> **Dataset content**

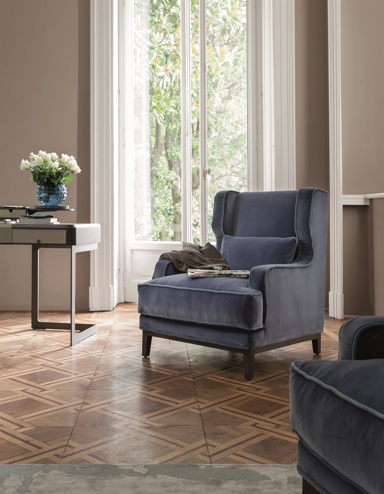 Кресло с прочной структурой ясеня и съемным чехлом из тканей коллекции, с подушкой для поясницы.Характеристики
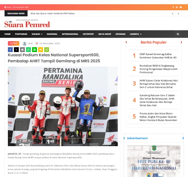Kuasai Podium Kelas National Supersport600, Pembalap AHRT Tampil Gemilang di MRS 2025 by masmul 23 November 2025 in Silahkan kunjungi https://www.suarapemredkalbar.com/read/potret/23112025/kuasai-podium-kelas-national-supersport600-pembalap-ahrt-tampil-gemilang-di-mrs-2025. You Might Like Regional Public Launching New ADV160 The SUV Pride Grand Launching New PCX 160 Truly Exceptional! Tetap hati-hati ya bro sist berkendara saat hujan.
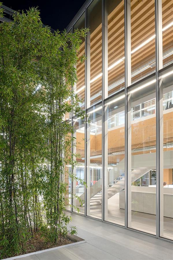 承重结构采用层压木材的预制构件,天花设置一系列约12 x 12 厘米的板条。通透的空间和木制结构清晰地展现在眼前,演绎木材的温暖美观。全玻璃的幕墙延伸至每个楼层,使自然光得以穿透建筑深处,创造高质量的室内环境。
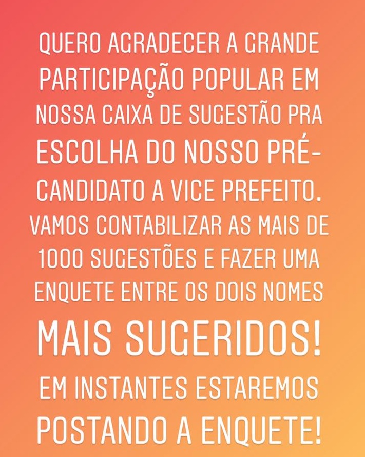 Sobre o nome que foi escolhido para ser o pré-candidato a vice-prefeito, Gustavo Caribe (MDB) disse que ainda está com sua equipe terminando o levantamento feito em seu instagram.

> **Aim of the task**
Give the data again exactly, image-free.

> **Answer**
 Кресло с прочной структурой ясеня и съемным чехлом из тканей коллекции, с подушкой для поясницы.Характеристики
Kuasai Podium Kelas National Supersport600, Pembalap AHRT Tampil Gemilang di MRS 2025 by masmul 23 November 2025 in Silahkan kunjungi https://www.suarapemredkalbar.com/read/potret/23112025/kuasai-podium-kelas-national-supersport600-pembalap-ahrt-tampil-gemilang-di-mrs-2025. You Might Like Regional Public Launching New ADV160 The SUV Pride Grand Launching New PCX 160 Truly Exceptional! Tetap hati-hati ya bro sist berkendara saat hujan.
 承重结构采用层压木材的预制构件,天花设置一系列约12 x 12 厘米的板条。通透的空间和木制结构清晰地展现在眼前,演绎木材的温暖美观。全玻璃的幕墙延伸至每个楼层,使自然光得以穿透建筑深处,创造高质量的室内环境。
 Sobre o nome que foi escolhido para ser o pré-candidato a vice-prefeito, Gustavo Caribe (MDB) disse que ainda está com sua equipe terminando o levantamento feito em seu instagram.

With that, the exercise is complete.